| Problem to work on |
I would like the lines below, from the one with "In einer dreiviertel" through the one with "The Trax Guitar", copied exactly and without any pictures.

(Stored data entries)
+ + +

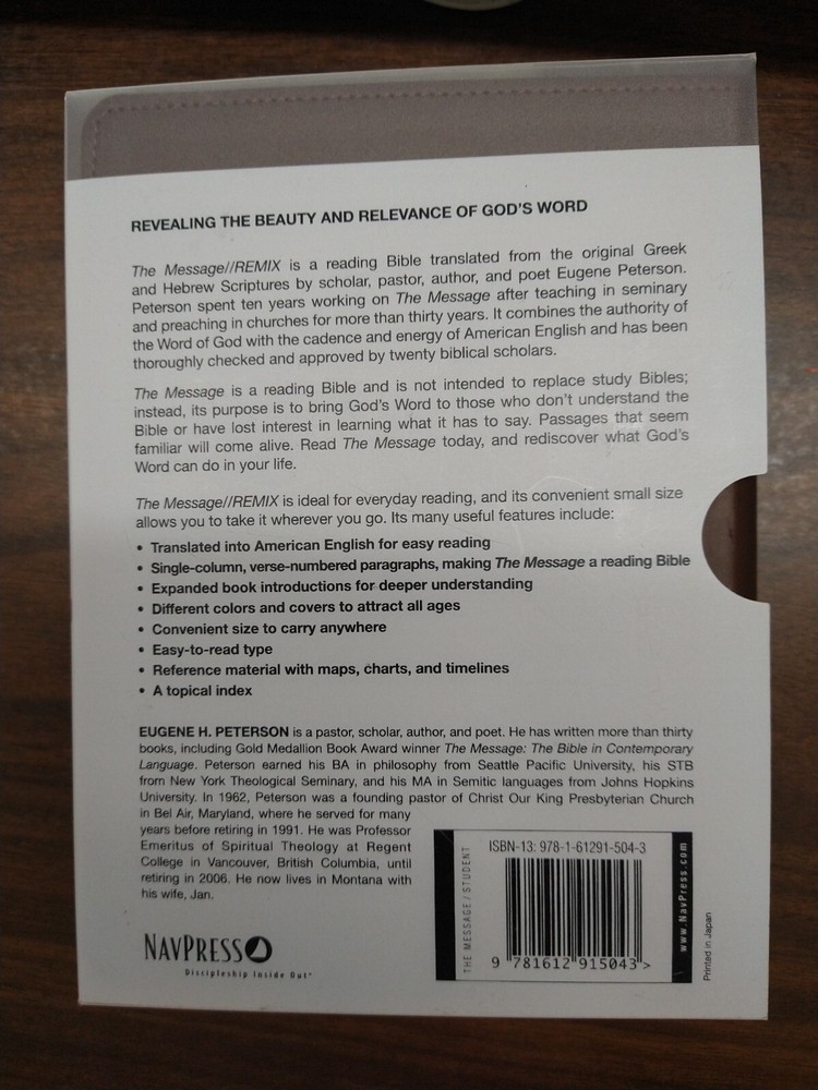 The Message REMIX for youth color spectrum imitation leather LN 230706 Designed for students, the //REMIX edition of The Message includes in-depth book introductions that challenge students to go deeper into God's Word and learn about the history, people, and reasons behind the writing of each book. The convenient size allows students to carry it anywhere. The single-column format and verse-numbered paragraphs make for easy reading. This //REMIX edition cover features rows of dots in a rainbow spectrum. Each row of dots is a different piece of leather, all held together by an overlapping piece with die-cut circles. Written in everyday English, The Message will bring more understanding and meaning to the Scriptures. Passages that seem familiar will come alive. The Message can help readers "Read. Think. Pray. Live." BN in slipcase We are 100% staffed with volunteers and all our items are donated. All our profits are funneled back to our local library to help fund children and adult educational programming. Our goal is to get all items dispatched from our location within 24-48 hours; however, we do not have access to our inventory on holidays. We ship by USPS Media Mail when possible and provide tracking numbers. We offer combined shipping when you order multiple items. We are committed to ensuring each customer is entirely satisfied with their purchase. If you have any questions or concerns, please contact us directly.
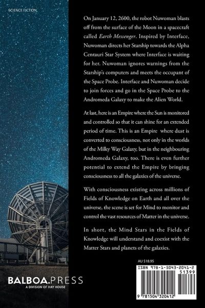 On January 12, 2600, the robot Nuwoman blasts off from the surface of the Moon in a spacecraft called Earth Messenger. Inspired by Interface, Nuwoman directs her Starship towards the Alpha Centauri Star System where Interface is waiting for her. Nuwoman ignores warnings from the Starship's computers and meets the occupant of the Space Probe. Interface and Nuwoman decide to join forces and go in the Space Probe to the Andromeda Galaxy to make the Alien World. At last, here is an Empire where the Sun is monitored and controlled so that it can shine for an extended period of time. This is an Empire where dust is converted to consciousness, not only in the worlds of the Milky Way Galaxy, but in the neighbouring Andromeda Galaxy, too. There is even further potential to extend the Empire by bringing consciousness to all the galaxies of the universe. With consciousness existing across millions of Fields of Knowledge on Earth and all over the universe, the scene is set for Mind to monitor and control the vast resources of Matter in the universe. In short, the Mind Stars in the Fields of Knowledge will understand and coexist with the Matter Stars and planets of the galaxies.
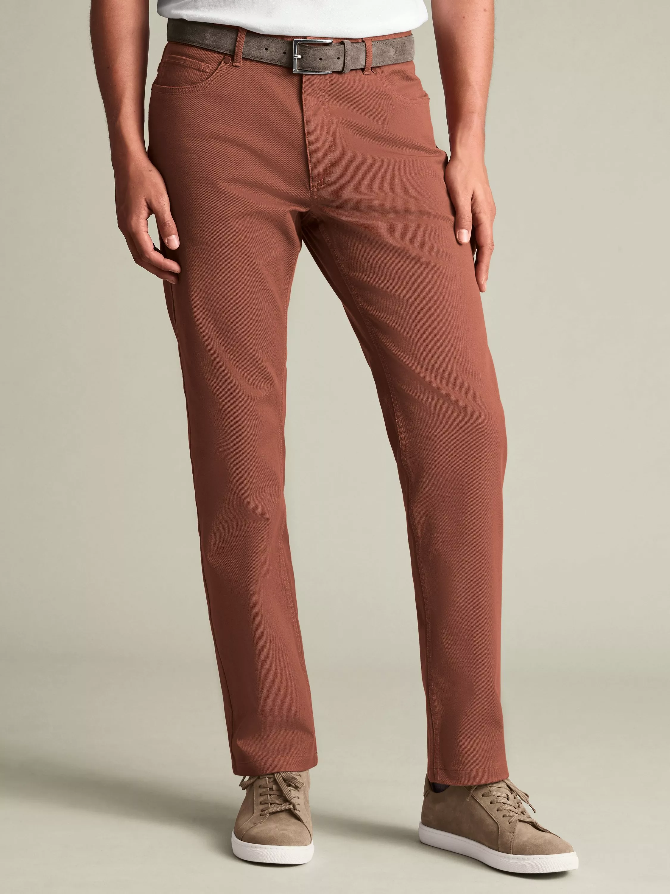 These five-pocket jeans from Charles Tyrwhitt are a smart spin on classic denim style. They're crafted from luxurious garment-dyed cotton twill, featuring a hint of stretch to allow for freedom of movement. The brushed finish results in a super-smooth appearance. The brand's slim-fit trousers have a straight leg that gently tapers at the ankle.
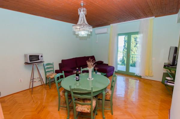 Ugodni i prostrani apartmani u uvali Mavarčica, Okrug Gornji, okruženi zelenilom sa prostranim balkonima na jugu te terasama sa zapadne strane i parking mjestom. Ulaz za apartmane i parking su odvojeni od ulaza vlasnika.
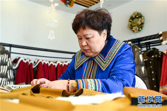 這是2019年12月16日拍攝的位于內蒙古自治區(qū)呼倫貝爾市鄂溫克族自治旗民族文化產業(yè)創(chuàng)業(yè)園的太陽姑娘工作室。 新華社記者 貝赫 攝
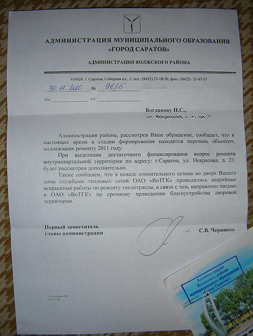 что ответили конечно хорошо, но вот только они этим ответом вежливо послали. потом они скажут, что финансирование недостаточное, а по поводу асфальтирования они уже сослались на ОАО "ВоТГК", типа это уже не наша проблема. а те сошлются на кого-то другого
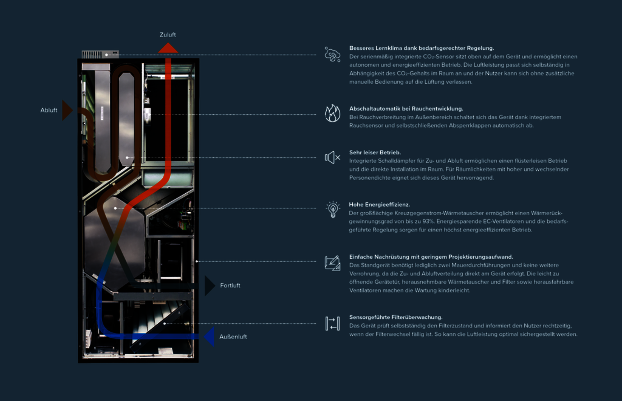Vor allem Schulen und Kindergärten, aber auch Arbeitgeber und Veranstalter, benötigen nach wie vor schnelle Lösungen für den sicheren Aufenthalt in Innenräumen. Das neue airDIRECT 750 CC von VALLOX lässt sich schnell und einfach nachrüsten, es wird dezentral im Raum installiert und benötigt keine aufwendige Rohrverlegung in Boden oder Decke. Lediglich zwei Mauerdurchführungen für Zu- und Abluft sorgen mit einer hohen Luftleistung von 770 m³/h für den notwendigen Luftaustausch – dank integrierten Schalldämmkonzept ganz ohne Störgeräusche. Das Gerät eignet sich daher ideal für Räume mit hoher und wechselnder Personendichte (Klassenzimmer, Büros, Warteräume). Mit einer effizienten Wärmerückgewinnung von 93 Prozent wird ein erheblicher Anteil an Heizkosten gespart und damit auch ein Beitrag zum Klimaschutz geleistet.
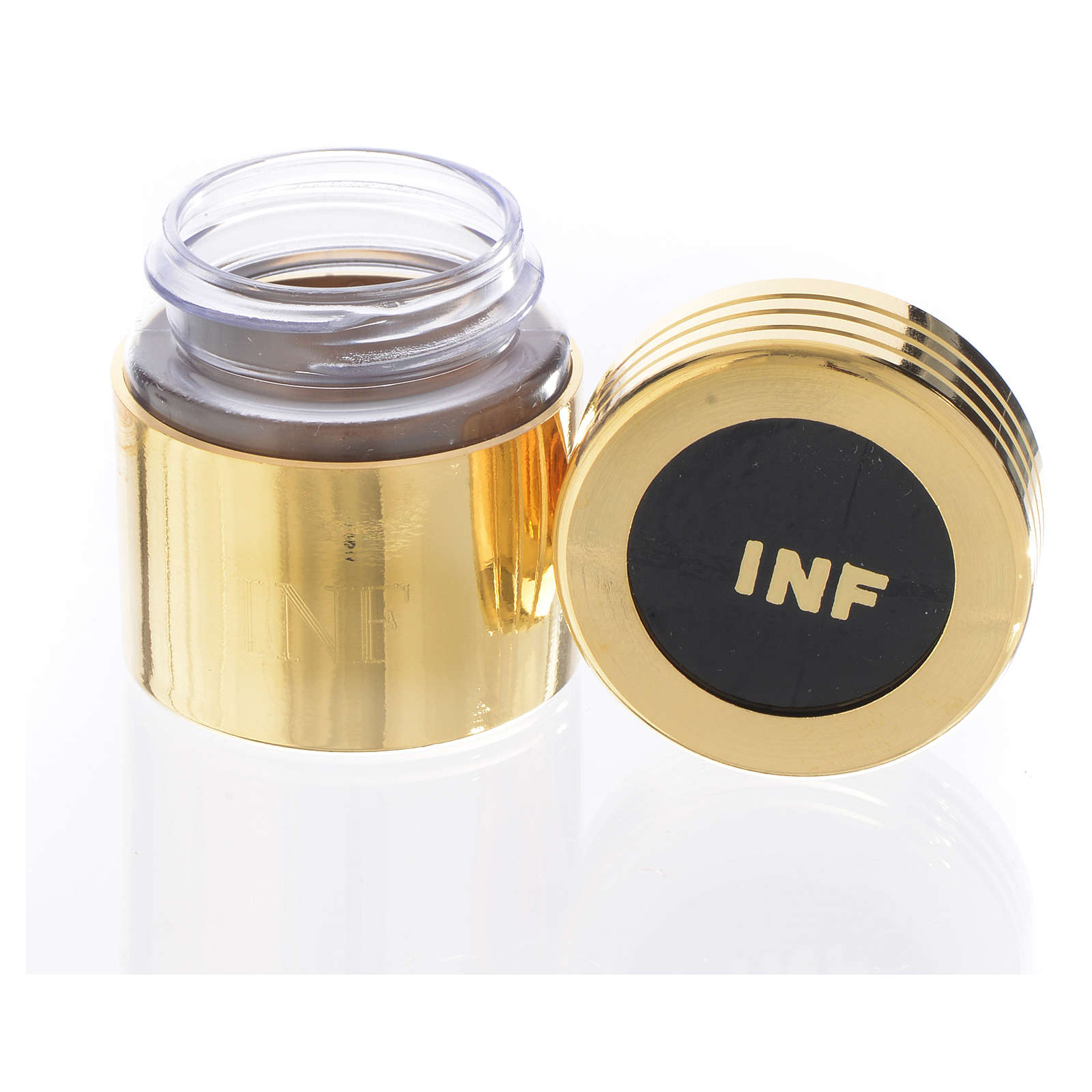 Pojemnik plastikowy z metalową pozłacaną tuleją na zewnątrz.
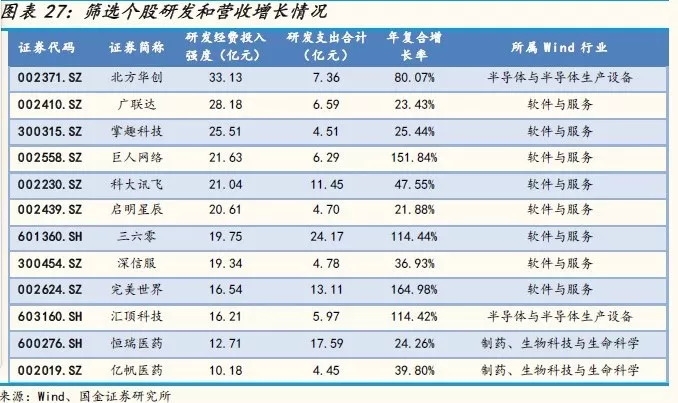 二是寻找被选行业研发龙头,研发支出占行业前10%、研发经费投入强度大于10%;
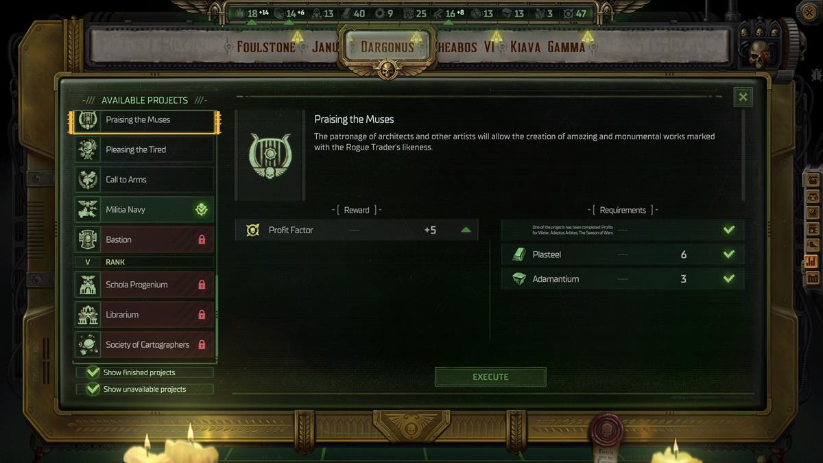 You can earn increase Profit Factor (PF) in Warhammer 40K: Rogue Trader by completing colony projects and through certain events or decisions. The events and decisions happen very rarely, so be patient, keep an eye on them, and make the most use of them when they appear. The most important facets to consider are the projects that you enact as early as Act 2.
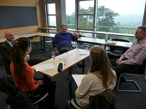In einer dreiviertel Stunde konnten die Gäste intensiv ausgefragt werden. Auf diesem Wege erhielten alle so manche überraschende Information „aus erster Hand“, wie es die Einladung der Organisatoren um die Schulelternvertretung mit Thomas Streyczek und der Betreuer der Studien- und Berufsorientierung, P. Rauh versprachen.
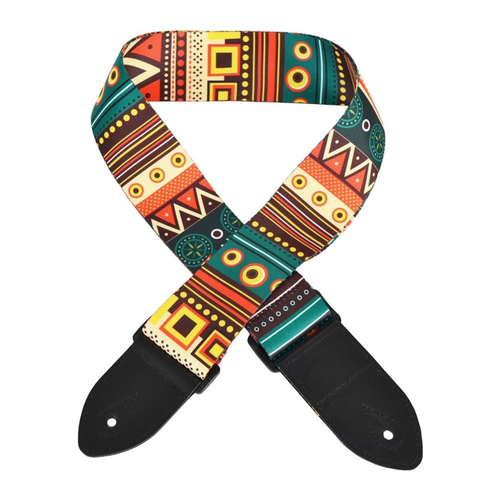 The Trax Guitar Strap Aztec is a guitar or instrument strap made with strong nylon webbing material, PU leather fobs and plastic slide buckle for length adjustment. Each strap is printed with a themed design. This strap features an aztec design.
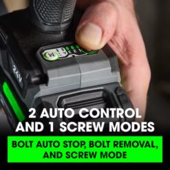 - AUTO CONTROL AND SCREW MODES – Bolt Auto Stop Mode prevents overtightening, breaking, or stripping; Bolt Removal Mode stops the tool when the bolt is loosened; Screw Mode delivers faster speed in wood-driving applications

+ + +

| Task solution |
In einer dreiviertel Stunde konnten die Gäste intensiv ausgefragt werden. Auf diesem Wege erhielten alle so manche überraschende Information „aus erster Hand“, wie es die Einladung der Organisatoren um die Schulelternvertretung mit Thomas Streyczek und der Betreuer der Studien- und Berufsorientierung, P. Rauh versprachen.
 The Trax Guitar Strap Aztec is a guitar or instrument strap made with strong nylon webbing material, PU leather fobs and plastic slide buckle for length adjustment. Each strap is printed with a themed design. This strap features an aztec design.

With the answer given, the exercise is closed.